Dr. Medina faces the students, asking for their proposed plans for keeping food and water in my stomach. They have barely begun pitching treatment plans when the squeak of sneakers rushing into the room draws the attention of the small army of doctors. Someone is late.
And that someone is Rory.
He is staring down at his tablet and looking disheveled. His red hair is a mess, like he just woke up, and his white coat is nowhere near as crisp as the other doctors.
“Glad you could join us, Dr. Dennis,” Dr. Medina says.
“Sorry, doctor. Won’t happen again,” Rory says as he squints at the room. He pats his pockets until he produces his glasses and brings them to his face.
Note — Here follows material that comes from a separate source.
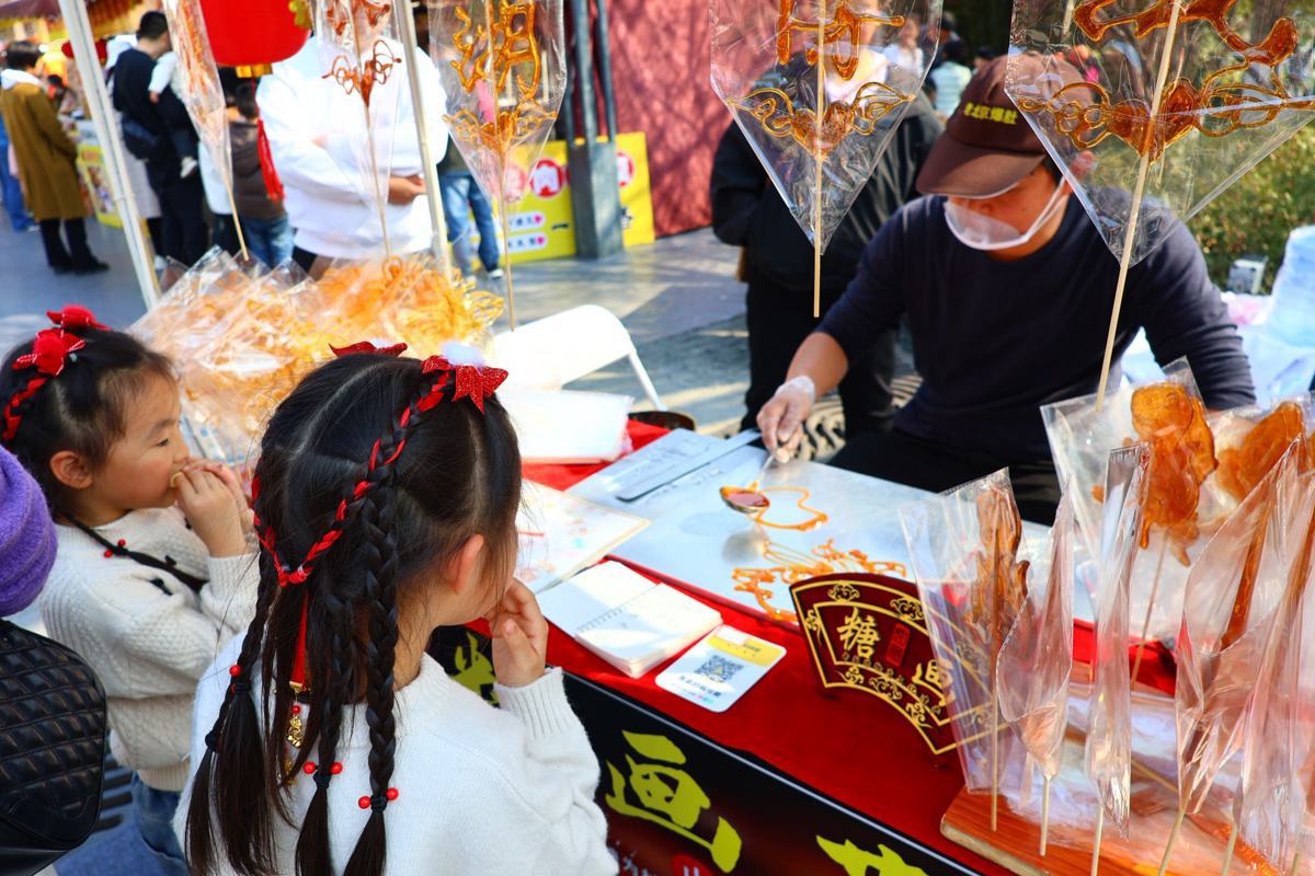 沿着绿道前行,新春市集点缀其间。虽然人流量不小,但市集内并不显拥挤,反而呈现出一种恰到好处的热闹。大红灯笼、中国结等氛围装饰错落有致,将节日的仪式感拉满。游客们或是在手工艺品摊位前悠闲地挑选,或是举着刚买的糖葫芦在装饰墙前打卡,脸上洋溢着轻松的笑容。一位摊主告诉记者:“大家更像是来散步踏青,顺道感受一下节日气氛,买点喜欢的小玩意,这种状态特别好。”

Everything happens around me, but not to me. I’m looking into the hospital room scene from a faraway window like an out of body experience. My stomach burns, and I would grab for the bedpan if I didn’t know there is absolutely nothing in my stomach that can come up right now.
Rory freezes when his eyes land on me. His hands clench around the tablet in his hands, and he looks down, undoubtedly looking at my chart, confirming the name that belongs to the patient. He looks up at my face, back at the tablet, and back to my face, freezing his hold on my eyes on the last glance. I swallow hard, wincing at the painful dryness in my throat. His hands fall to his sides in resignation. I’m not sure if it’s the state of his crumpled doctor’s coat, his slouched posture, or the weakness of his arms dangling at his sides, but Rory gives the impression of a crumpled napkin, discarded on a dirty old street.
The residents are mostly done with rounds by the time Rory arrives. I nod and say, “Sure, sure,” not knowing at all what they have said. They trickle out of the room until only Rory remains.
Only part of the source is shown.